I think the pressure pads are worn and it's getting too close to the surface on snap - I've got it now so that they only chip on the left hand side ust underneath the pad. one tiler said build the pads up with masking tape when they wear out....hmmmm... 
thanks for your pointer - will see if this helps. I have been doing a lot of scores on the signma and then using the tile saw for <1mm tolerance critical cross cuts and then a quick file to give it a "factory edge".

----------


## Billy22Bob

see the attached photo showing chipping

----------


## Scottythetiler

yep photo shows the pad has gone.  electrical or masking tape will help reduce this yes.

----------


## Billy22Bob

Can you buy (and replace) with spares...?
Also the centre ridge seems a little worn - was wondering if that may be causing any issues.

----------


## Scottythetiler

im sure ive seen spares at good tile supplies shops mate, or alternatively look online for something.  i'd google a bit for you now mate but i've got to run to work.

----------


## bigkey

Hi, I am a newbie in the game; just bought a Sigma 4A (second hand) but not quite sure how to set it up properly.
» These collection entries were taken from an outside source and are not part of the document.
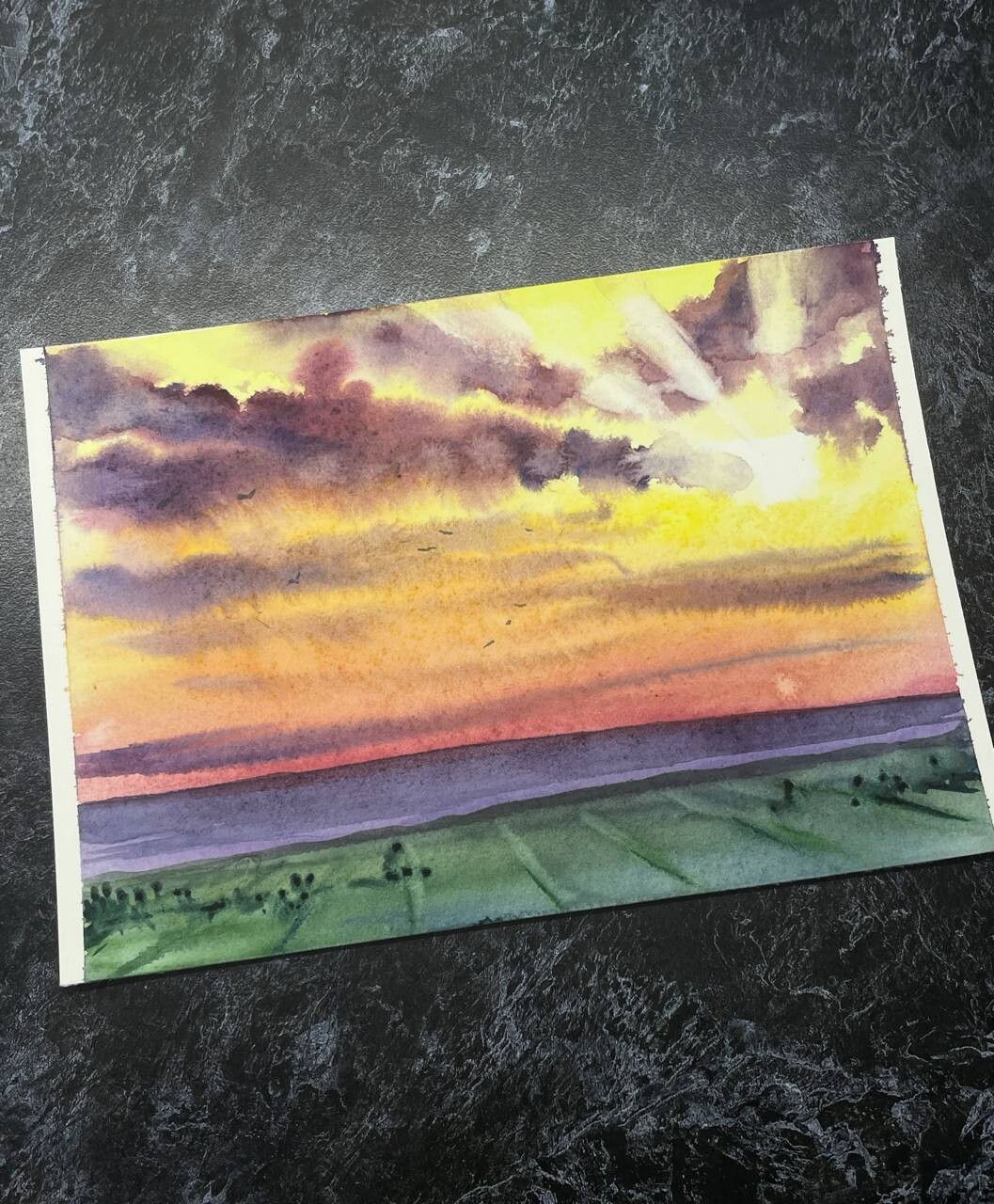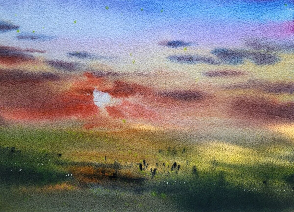 - напишем поле простыми пятнами — без лишних деталей, но с ощущением глубины;
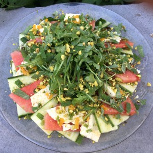 Spread 1/3 of the pesto on the bottom of a large platter. Arrange watermelon, feta & cucumber pieces, somewhat overlapping, in rows or in a concentric circle. Drizzle with additional pesto. In a bowl, toss arugula with juice from the orange, some of the oil from the marinated feta, salt & pepper to taste. Mound arugula in the center of the platter, and sprinkle with mint & reserved pistachios.
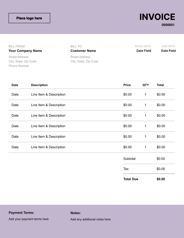 Itemize freight, fuel, pickup and delivery, warehousing, and accessorials with professional invoice line items.
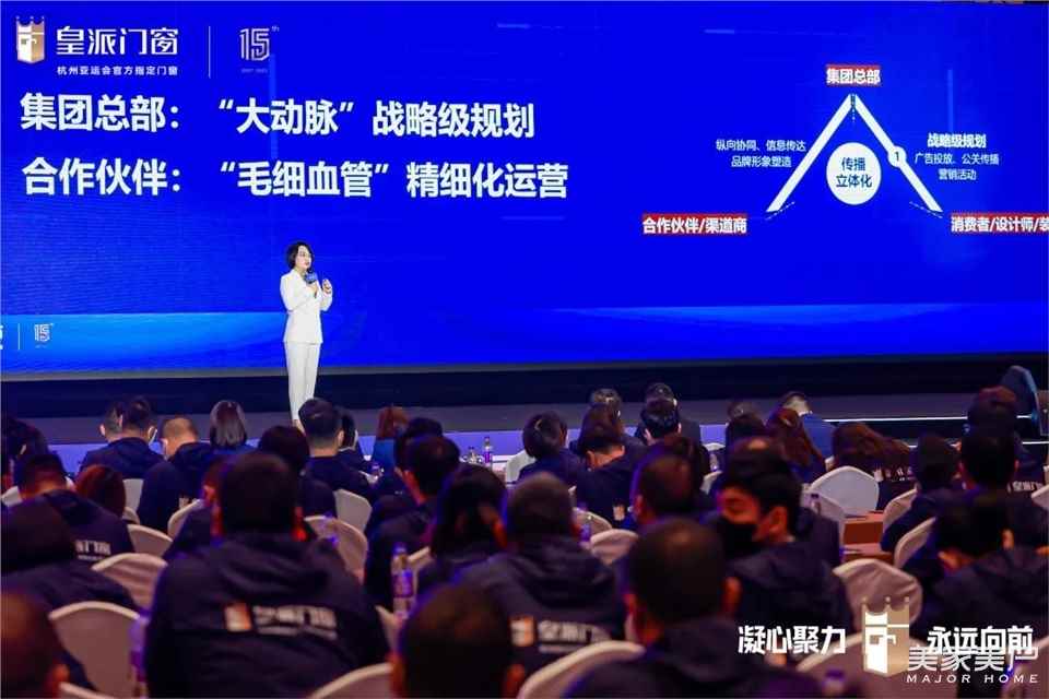 本次峰会特别邀请中国视觉锤设计权威专家、李和杨品牌创始合伙人——杨江,以及核桃战略创始人赵秀丽,分别对皇派门窗全新VI形象使用规范与品牌势能升级进行宣讲,传递“门窗之王”高端品质。15年实力沉淀,皇派门窗以前瞻性思维,在时代及市场潮流中实现品牌跃迁式发展,将持续带给消费者全新家居消费体验。

I does scored good but does not snap the tile right, most of the time the tile just cracked. The seller told me to replace the cutting wheel but still does not make much different. I took it apart and seen that there are grinding mark on the snap pad (not sure why)  and thinking it maybe the culprit, but need some experienced members opinion please; How to set up the cutter properlyHow to fix the snap pad problem ?Thanks in advance :Redface:

----------


## bigkey

Any help ???????? :Redface:

----------


## Ashore

Aldi next week ( starts 24th march ) have an electric tile cutter for $50, I got one last year and it's been great  :2thumbsup:

----------